La DGT confirma que una sociedad francesa que realiza instalación y montaje de maquinaria en España durante más de doce meses constituye establecimiento permanente a efectos del IVA cuando dispone de estructura adecuada en medios humanos y técnicos (propios o subcontratados) con grado suficiente de permanencia. Esta calificación como sujeto pasivo establecido en territorio español genera obligación de repercutir IVA en facturación, permitiendo al cliente local deducir el IVA soportado conforme a la sistemática ordinaria, sin necesidad de rectificación de facturas ni tratamiento especial. La conclusión depende de que la estructura de la obra reúna efectivamente los criterios de permanencia y dotación de medios exigidos por jurisprudencia del TJUE y Reglamento 282/2011.
Hechos
La entidad consultante suscribió un contrato de suministro de una línea de fabricación de un producto con una entidad francesa. La ejecución del suministro se dividía en varias etapas que se correspondían con las distintas fases de ejecución del suministro: ingeniería del proceso, entrega, montaje, puesta en marcha, aceptación provisional y aceptación definitiva.
Cuestión planteada
Sujeto pasivo establecido para obras de duración superior a doce meses. Rectificación de las facturas y, en su caso, deducción del IVA repercutido en las mismas.
Contestación
1.- Se plantea en primer lugar en el escrito de consulta, la consideración de una sociedad francesa que ha realizado la instalación y montaje en el Territorio español de aplicación del Impuesto sobre el Valor Añadido de una línea de fabricación de papeles especiales cuya duración ha superado los doce meses como sujeto establecido en dicho territorio. Sobre la consideración de la sociedad como sujeto establecido o no en el territorio de aplicación del Impuesto hay que tener en cuenta que:
De acuerdo con lo dispuesto en el artículo 69, apartado tres, número 2º, letra c) de la Ley 37/1992, se considera establecimiento permanente a efectos del Impuesto sobre el Valor Añadido "las obras de construcción, instalación o montaje cuya duración exceda de 12 meses.".
Este precepto debe interpretarse a la luz de la jurisprudencia del Tribunal de Justicia de la Unión Europea, en particular las sentencias de 4 de julio de 1985, asunto 168/84, Gunter Berkhol, de 2 de mayo de 1996, asunto C-231/94, Faaborg-Gelting, de 17 de julio de 1997, asunto C-190/95, ARO Lease BV , de 20 de febrero de 1997, asunto C-260/95, DFDS A/S y de 28 de junio de 2007, asunto C-73/06, Planzer Luxembourg.
De conformidad con esta jurisprudencia, para que exista establecimiento permanente es necesario que el mismo se caracterice por una estructura adecuada en términos de medios humanos y técnicos, propios o subcontratados, con un grado suficiente de permanencia.
Este mismo criterio ha sido consagrado por el Reglamento de Ejecución (UE) nº 282/2011 del Consejo de 15 de marzo de 2011, por el que se establecen disposiciones de aplicación de la Directiva 2006/112/CE relativa al sistema común del impuesto sobre el valor añadido (DOUE de 23 de marzo) en su artículo 53.1, conforme al cual:
“1. Para la aplicación del artículo 192 bis de la Directiva 2006/112/CE solo se tomará en consideración el establecimiento permanente que tenga el sujeto pasivo cuando se caracterice por un grado suficiente de permanencia y una estructura adecuada en términos de medios humanos y técnicos que le permitan realizar la entrega de bienes o la prestación de servicios en la que intervenga.”.

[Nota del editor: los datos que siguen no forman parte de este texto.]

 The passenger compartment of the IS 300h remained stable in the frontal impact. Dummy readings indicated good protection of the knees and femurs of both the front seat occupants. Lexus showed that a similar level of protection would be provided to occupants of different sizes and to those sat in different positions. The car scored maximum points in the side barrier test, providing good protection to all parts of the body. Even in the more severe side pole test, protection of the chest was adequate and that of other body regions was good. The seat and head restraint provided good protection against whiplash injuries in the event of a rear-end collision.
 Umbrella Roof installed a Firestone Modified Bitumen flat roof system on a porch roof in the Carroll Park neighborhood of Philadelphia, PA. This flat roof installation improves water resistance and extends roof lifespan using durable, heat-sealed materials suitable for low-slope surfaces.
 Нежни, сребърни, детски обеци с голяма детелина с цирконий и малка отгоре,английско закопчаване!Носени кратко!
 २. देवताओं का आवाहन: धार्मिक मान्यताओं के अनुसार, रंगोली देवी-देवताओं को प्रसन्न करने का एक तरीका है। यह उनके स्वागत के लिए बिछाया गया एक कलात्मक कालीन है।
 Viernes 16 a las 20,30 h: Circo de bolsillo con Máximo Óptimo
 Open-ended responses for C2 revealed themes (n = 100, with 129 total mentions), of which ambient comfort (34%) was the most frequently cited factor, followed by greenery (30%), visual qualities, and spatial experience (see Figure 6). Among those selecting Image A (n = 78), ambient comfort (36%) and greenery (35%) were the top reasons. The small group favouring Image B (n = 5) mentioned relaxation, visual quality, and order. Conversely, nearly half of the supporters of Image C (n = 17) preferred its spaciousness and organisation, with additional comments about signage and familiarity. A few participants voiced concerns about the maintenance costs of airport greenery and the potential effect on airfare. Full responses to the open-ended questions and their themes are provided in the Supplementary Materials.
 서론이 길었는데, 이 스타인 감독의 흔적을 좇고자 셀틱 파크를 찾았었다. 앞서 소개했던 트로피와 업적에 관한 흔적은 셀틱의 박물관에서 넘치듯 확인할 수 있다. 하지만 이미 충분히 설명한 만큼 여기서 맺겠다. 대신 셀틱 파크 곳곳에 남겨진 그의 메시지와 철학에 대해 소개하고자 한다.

La noción de establecimiento permanente y los criterios para considerar que el mismo interviene en la prestación de servicios, han sido desarrollados por el Reglamento 282/2011 del Consejo, de 15 de marzo, por el que se establecen las disposiciones de aplicación de la Directiva 2006/112/CE relativa al sistema común del impuesto sobre el valor añadido.

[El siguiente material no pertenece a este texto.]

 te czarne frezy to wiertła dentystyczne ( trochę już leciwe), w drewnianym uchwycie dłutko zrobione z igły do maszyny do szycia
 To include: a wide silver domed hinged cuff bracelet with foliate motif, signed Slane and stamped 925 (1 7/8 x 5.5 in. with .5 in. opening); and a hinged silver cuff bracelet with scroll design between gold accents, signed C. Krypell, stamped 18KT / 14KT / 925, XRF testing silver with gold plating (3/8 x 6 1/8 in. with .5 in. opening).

El artículo 11.2 del Reglamento 282/2001 entiende por establecimiento permanente prestador de servicios “cualquier establecimiento, distinto de la sede económica (…) que se caracterice por un grado suficiente de permanencia y una adecuada estructura en términos de medios humanos y técnicos que le permitan prestar los servicios que suministre”.

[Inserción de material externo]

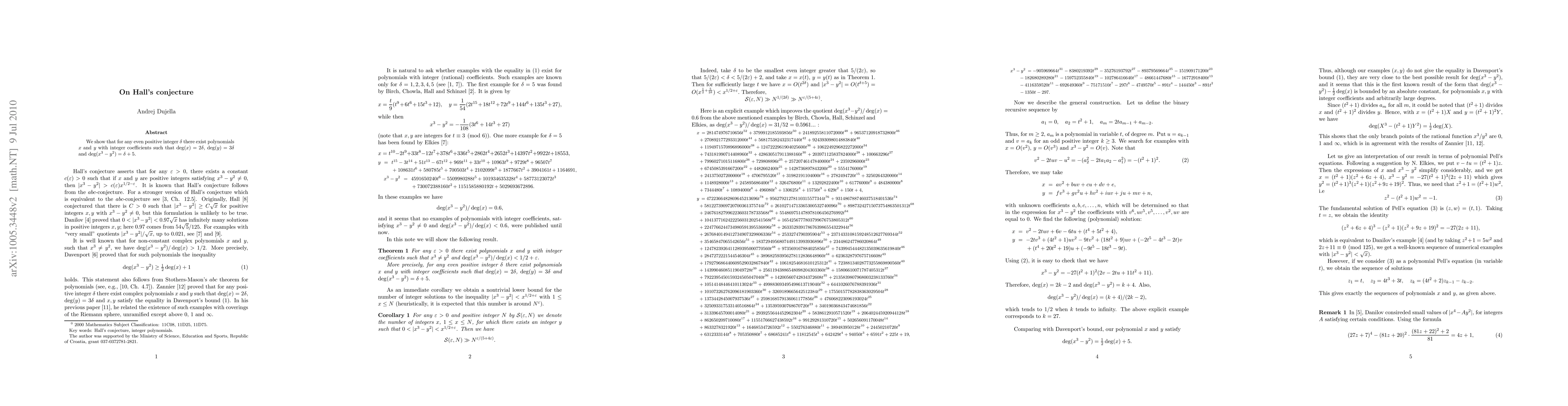 We show that for any even positive integer d there exist polynomials x and y with integer coefficients such that deg(x) = 2d, deg(y) = 3d and deg(x^3 - y^2) = d + 5.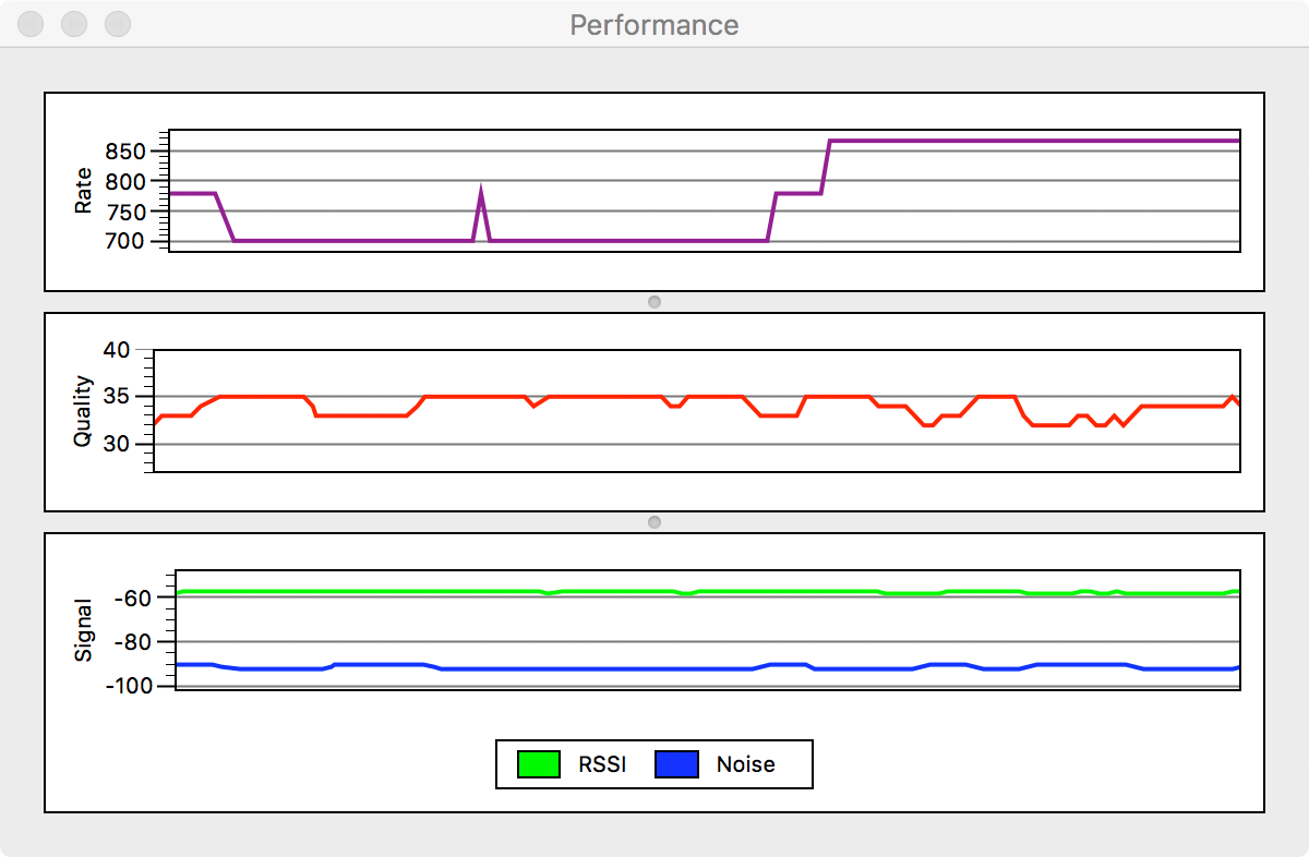 Ok, back to using Wireless Diagnostics. What we would be interested in is the SNR value over time. Specifically we would want it to not vary much. As you know, you can access this utility via Option-clicking on the Wi-Fi icon on the OS X menu bar. We would want to use the Performance tab. If there is significant amount of variation, the culprit can either be Wi-Fi interference or a faulty base station.

De acuerdo con los preceptos anteriores, la realización de obras de una línea de fabricación por un período superior a los 12 meses tiene la consideración de establecimiento permanente desde el comienzo de la obra.
Corresponde a la entidad francesa establecida la obligación de efectuar la repercusión del Impuesto sobre el Valor Añadido que grava las operaciones realizadas sobre el destinatario de las mismas quedando este último obligado a soportarlo siempre que la repercusión se ajuste a lo dispuesto en la propia Ley, según lo previsto en el artículo 88 de la Ley 37/1992. La repercusión se efectuará mediante la expedición y entrega de las correspondientes facturas ajustadas a lo dispuesto en dicho artículo y en el Real Decreto 1619/2012, de 30 de noviembre, por el que se aprueba el Reglamento que regula las obligaciones de facturación (BOE del 1 de diciembre).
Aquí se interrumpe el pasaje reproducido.